Of course he has the right to say that! I knew my b-in-laws father hated black people but I still went to his funeral and paid my respects! I accept that he had those views even though I disagree with them - doesnt mean I didnt like the man just meant I would not take my OH to meet him! and we didnt talk about black people! lol - but when people start saying derogatory stuff on a forum or in person about a race all being the same etc - then I think you have to be more careful because you are not talking to everyone who has the same view as you - and you could offend - just means you have to word it differently - I dont think that is denying what you believe in - its just showing respect 

Im editing to say however that I cannot fathom how anyone can hate a whole race of people without knowing one individually -I find that very very sad tbo - Not aiming this at you Jan as I know you have used it as an example - but some people do have those views!


----------



## kaz_f (Mar 8, 2009)

I am genuinely wondering, how is it possible to dislike a whole race of people? That's one hell of a lot of individuals that you don't know. It always makes me wonder when people say that.


----------



## kaz_f (Mar 8, 2009)

suzy93074 said:


> Im editing to say however that I cannot fathom how anyone can hate a whole race of people without knowing one individually -I find that very very sad tbo - Not aiming this at you Jan as I know you have used it as an example - but some people do have those views!
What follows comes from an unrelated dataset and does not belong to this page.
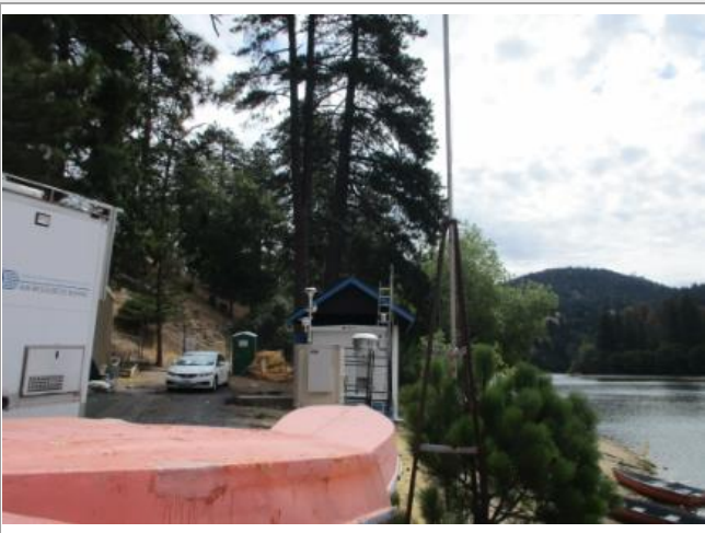
Looking at the probe from the West.

Me too Suzy, that's precisely what I don't get. I'm not aiming my post at anybody either. I think we don't see people as individuals sometimes.


----------



## Guest (Apr 18, 2011)

ok... you can say what you like, but you cant expect someone to accept it if it is said to them, or regarding them. Im sure you wouldnt just keep schtum if someone said inflammatory comments about you, or something your passionate about...(like I think smokers are stupid, its disgusting and it should be banned everywhere!). So yes, someone is entitled to say what they want, but should expect everyone to just sit back and not say anything - if the shoe was on the other foot they are likely to be more than vocal


Also, there are still laws which freedom of speech is limited by. Racial and religious hatred act, public order act etc


----------



## Sleeping_Lion (Mar 19, 2009)

Spellweaver said:


> Erm - I did say I was in two minds about it and that it seemed wrong to me to defile the service! I have the utmost respect for anyone who has fought and die for their country and, as I said, disturbing the main memorial service to these heroes seems wrong.
> 
> But did the men and women who gave their lives die in order to give everyone the right to express their opinions, or only a select few? Thanks to them, we have the freedom of speech we enjoy today. Is it right to curb that freedom if someone wants to say things we don't want to hear? Not allowing someone to voice dissent is not freedom of speech. Either we have freedom of speech or we don't.
> 
> ...


I too can understand why they did it, but not how they did it, and I know you said you were in two minds hun, it's just I'm in one mind about it 

It is a juxtaposition really, yet, the people who died to ensure all people still have a freedom of speech, were the very ones whose memory they are desecrating, and that can't be right? If that had happened in another country with stricter cultural and religious beliefs, the consequences would have been far greater. I can't remember the exact details, but the story of the teacher in an African Muslim country springs to mind, where she allowed the children to name a teddy bear Mohammed. What happened there after was an absolute disgrace to human rights, the whole issue was blown out of propotion, and she was jailed and faced a steep penalty if the government hadn't intervened.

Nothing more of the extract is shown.